Task inputs:
··········
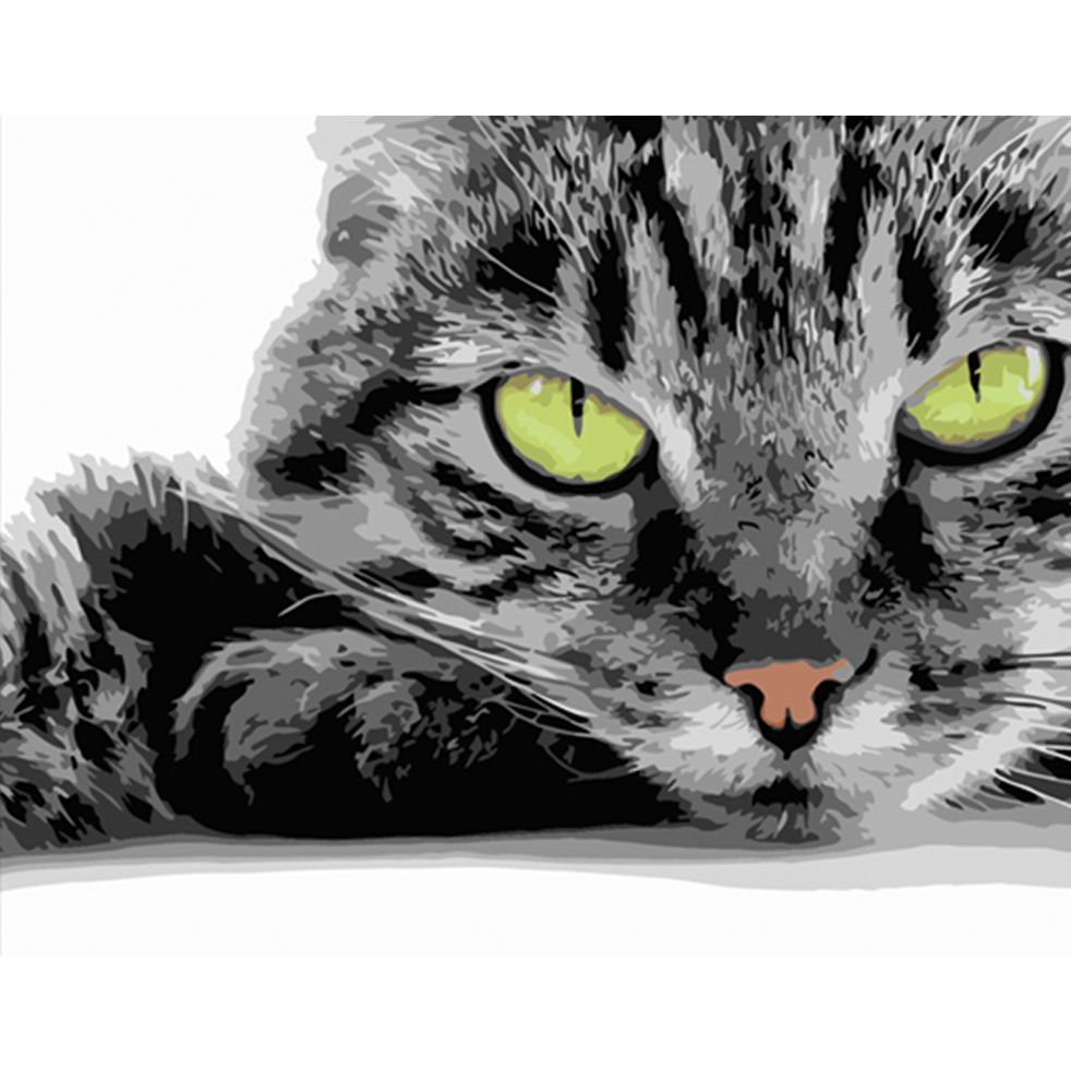 Картина за номерами Strateg ПРЕМІУМ Зеленоокий котик розміром 40х50 см (HH090)
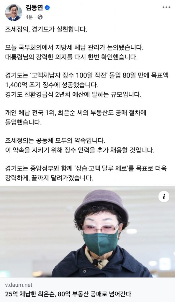 특히 "(징수액은) 경기도 친환경 급식 2년치 예산에 달하는 규모"라며 "개인 체납 전국 1위, 최은순 씨의 부동산도 공매 절차에 돌입했다"고 덧붙였다.
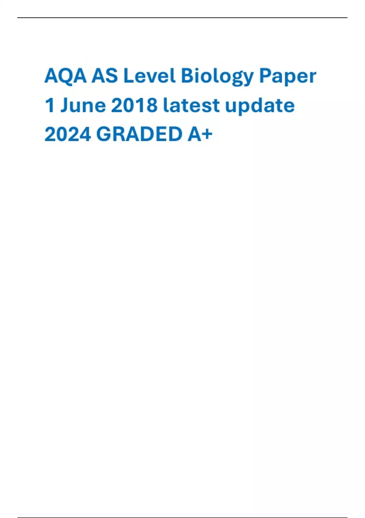 Exam (elaborations) AQA AS BIOLOGY 7401 EXAM WITH QUESTIONS AND CORRECT VERIFIED ANSWERS LATEST UPDATE.// Biology AS AQA What are the advantages of multi-cellular organisms? - CORRECT ANSW--able to move -able to hunt(likely to he in top 2 Exam (elaborations) AQA AS BIOLOGY PAPER 1 JUNE 2023 MARK SCHEME (7401/1)// AQA Economics A-Level Games and ac
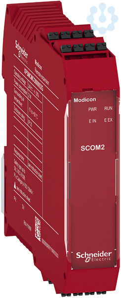 Preventa. Erweiterungsmodul für sichere Kommunikation des modularen Sicherheitscontrollers XPSMCM. Realisierung von dezentralen Konzepten. Leitungslänge 50 m bis zum nächsten Modul. Gesamtleitungslänge 250 m. Topologie Linie. dieses Modul befindet sich innerhalb der Linie und kommuniziert mit 2 weiteren Modulen. Anschluss steckbare Federzugklemmen.
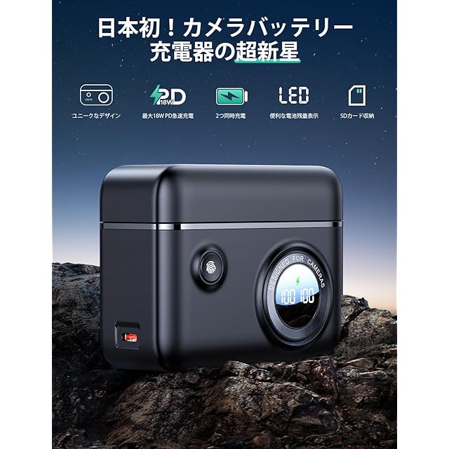 【LEDデジタル表示・細かい部分に配慮】充電器本体にはLEDディスプレイが搭載され、ボタンを押すだけでカメラバッテリー残量がすぐ分かりますので、カメラにバッテリーを装着して残量を確認する必要もなく便利。さらに、蓋はマグネット埋め込み式なので、バッテリー収納ボックスとしても利用可能、SDカードスロットも設置され、収納バッグも付属していますので、外出、旅行時にお役に立ちます。
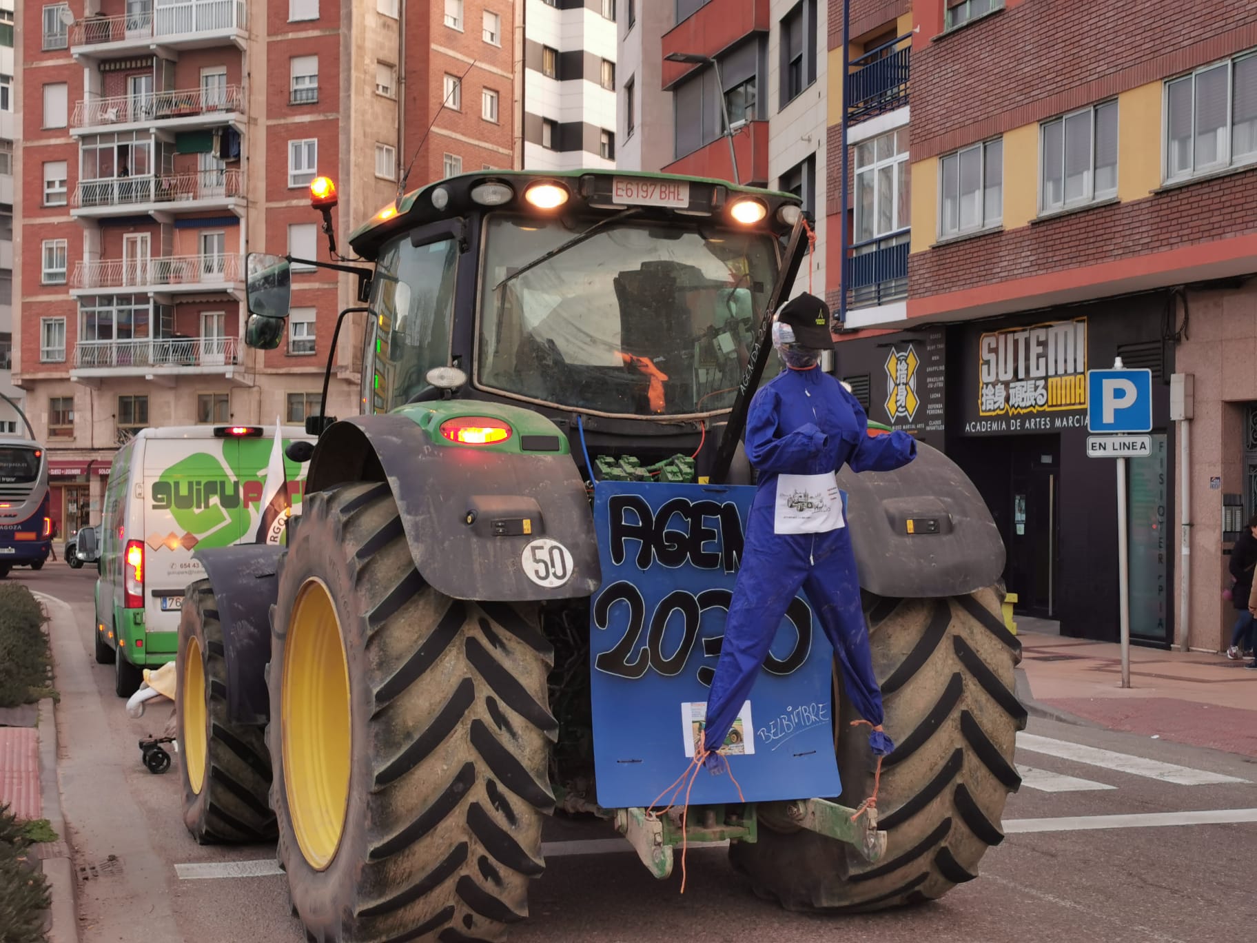 Con lemas como 'SOS al Campo', consignas contra la Agenda 2030 y 'Sin agricultura no hay cerveza' los agricultores con sus tractores han marchado durante toda la mañana por la ciudad creando un auténtico caos circulatorio. La marcha se ha organizado para “pelear y ser escuchados ante la nueva PAC y las nuevas leyes aprobadas para el cumplimiento de la Agenda 2030, que nos están asfixiando, y en algunos casos nos resulta imposible de llevar a cabo con nuestros medios, además de una enorme carga burocrática”, aseguran a través de un comunicado realizado por la Agrupación Nacional de Agricultores y Ganaderos del sector primario.
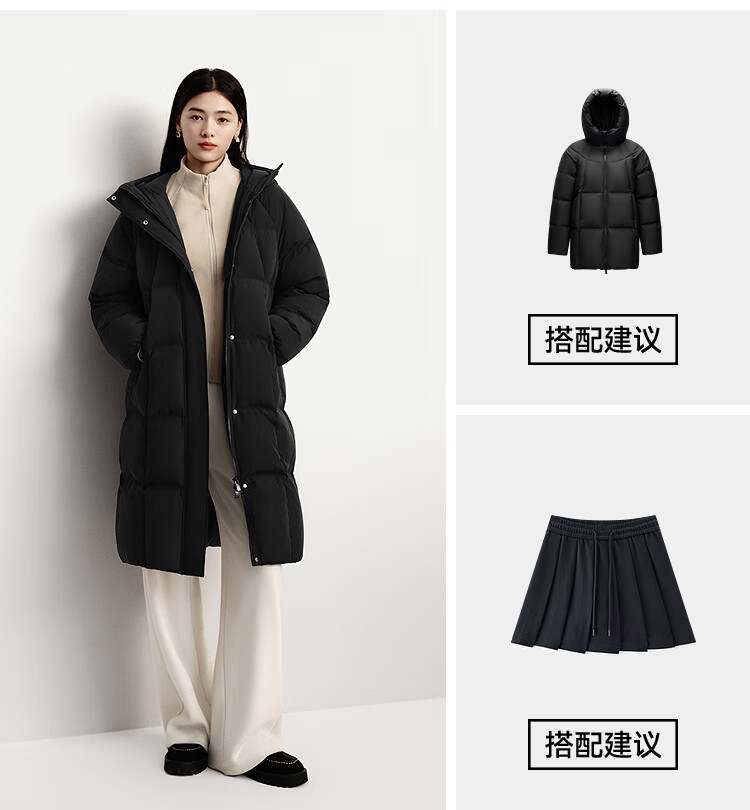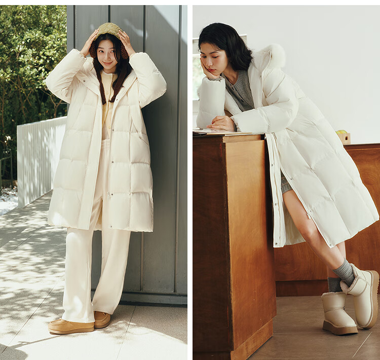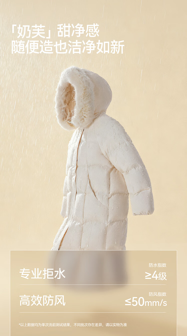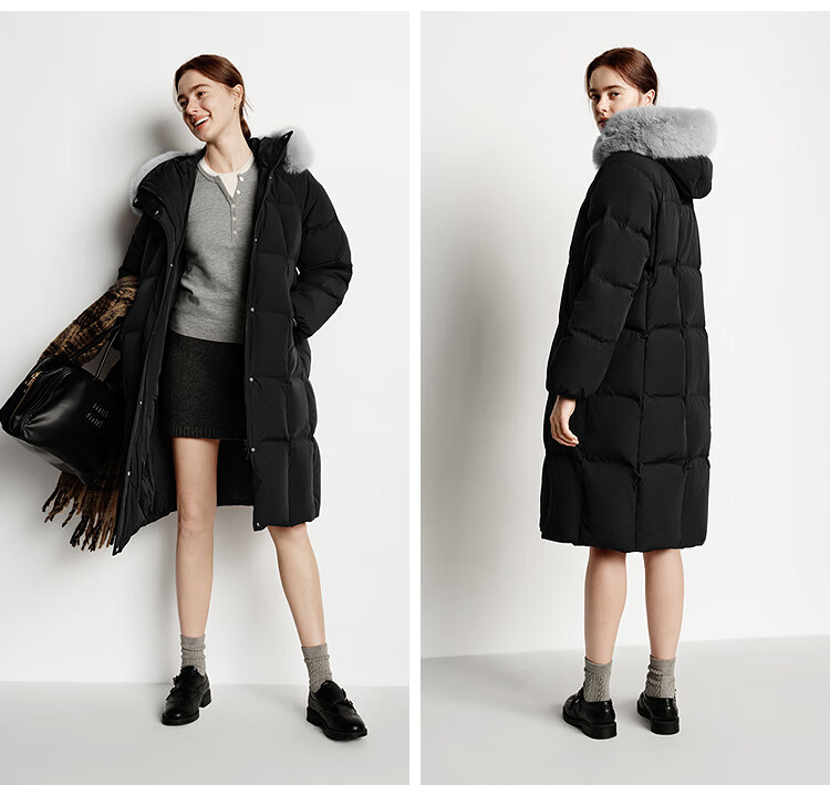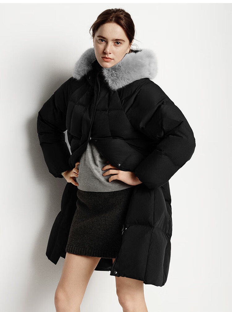 Semir Chen Duling | 90 down long down jacket for women 2025 winter new style detachable large fur collar hooded protective jacket milk white (white duck down) 10501 M
··········
Task to carry out: Exactly restate the lines from the beginning of the data through the line with "2년치 예산에 달하는", and no others, keeping pictures out.

Reply to the task:
 Картина за номерами Strateg ПРЕМІУМ Зеленоокий котик розміром 40х50 см (HH090)
 특히 "(징수액은) 경기도 친환경 급식 2년치 예산에 달하는 규모"라며 "개인 체납 전국 1위, 최은순 씨의 부동산도 공매 절차에 돌입했다"고 덧붙였다.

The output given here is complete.